=== EXTRACTED MATERIAL ===
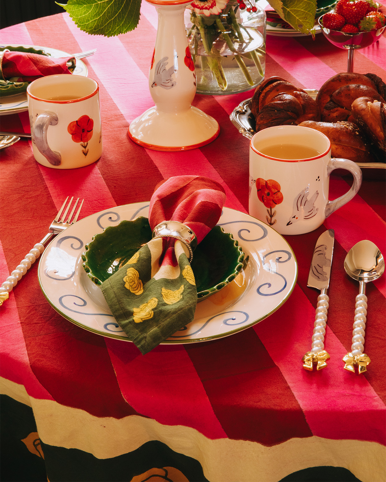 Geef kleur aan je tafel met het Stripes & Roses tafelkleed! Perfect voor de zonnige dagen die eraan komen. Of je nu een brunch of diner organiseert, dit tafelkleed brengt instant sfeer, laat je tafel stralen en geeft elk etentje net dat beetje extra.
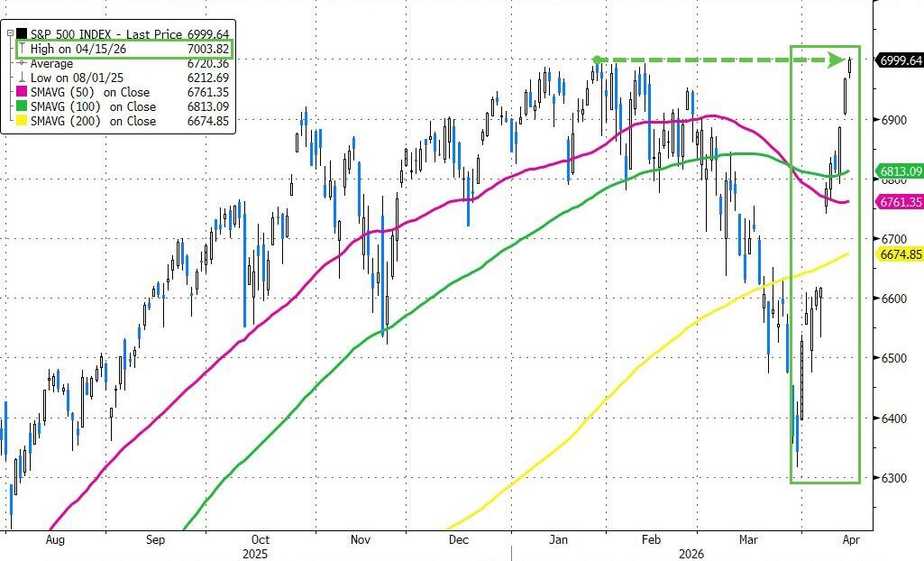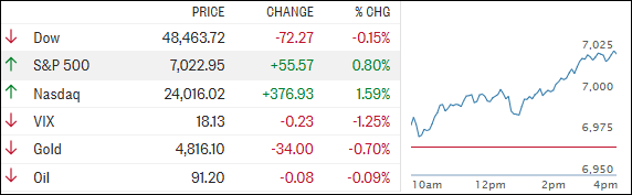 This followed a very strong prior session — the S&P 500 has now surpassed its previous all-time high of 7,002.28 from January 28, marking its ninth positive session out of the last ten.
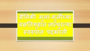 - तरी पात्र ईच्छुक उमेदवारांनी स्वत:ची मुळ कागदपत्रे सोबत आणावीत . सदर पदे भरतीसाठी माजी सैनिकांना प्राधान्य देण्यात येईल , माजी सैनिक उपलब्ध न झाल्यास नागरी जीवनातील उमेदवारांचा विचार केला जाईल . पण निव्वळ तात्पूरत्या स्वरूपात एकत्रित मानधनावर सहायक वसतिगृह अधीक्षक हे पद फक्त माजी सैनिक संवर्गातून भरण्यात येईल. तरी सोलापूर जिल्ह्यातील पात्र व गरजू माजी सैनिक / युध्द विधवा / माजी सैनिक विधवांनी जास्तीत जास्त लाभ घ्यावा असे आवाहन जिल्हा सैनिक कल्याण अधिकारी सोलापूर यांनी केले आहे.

==

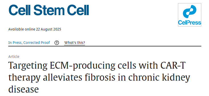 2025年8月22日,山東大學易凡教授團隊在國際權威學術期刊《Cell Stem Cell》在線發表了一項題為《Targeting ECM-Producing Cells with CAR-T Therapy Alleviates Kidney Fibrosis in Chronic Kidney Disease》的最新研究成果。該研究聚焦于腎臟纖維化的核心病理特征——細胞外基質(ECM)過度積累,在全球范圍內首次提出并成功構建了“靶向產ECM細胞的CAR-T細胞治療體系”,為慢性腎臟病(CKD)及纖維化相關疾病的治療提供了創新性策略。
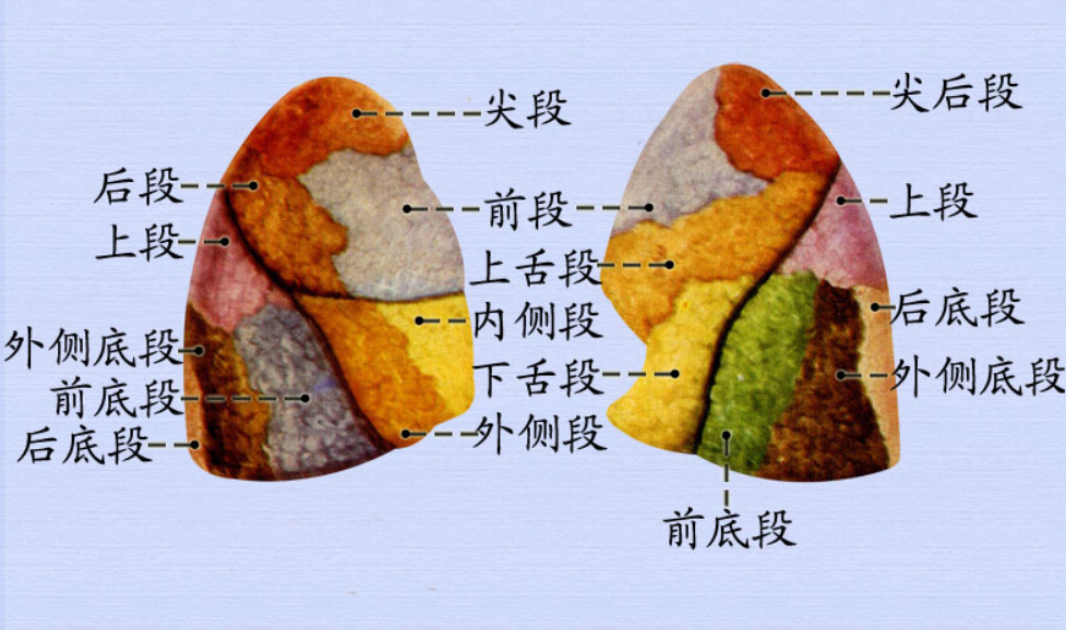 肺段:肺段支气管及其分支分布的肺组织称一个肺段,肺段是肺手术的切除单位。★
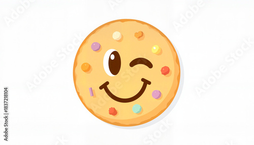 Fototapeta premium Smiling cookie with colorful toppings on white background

=== ABOUT THIS TASK ===
Looking at the listing above, which lines run from the one containing "Geef kleur aan" through the one containing "- तरी पात्र"? Print exactly those, ends included, pictures excluded.

=== SOLUTION ===
 Geef kleur aan je tafel met het Stripes & Roses tafelkleed! Perfect voor de zonnige dagen die eraan komen. Of je nu een brunch of diner organiseert, dit tafelkleed brengt instant sfeer, laat je tafel stralen en geeft elk etentje net dat beetje extra.
 This followed a very strong prior session — the S&P 500 has now surpassed its previous all-time high of 7,002.28 from January 28, marking its ninth positive session out of the last ten.
 - तरी पात्र ईच्छुक उमेदवारांनी स्वत:ची मुळ कागदपत्रे सोबत आणावीत . सदर पदे भरतीसाठी माजी सैनिकांना प्राधान्य देण्यात येईल , माजी सैनिक उपलब्ध न झाल्यास नागरी जीवनातील उमेदवारांचा विचार केला जाईल . पण निव्वळ तात्पूरत्या स्वरूपात एकत्रित मानधनावर सहायक वसतिगृह अधीक्षक हे पद फक्त माजी सैनिक संवर्गातून भरण्यात येईल. तरी सोलापूर जिल्ह्यातील पात्र व गरजू माजी सैनिक / युध्द विधवा / माजी सैनिक विधवांनी जास्तीत जास्त लाभ घ्यावा असे आवाहन जिल्हा सैनिक कल्याण अधिकारी सोलापूर यांनी केले आहे.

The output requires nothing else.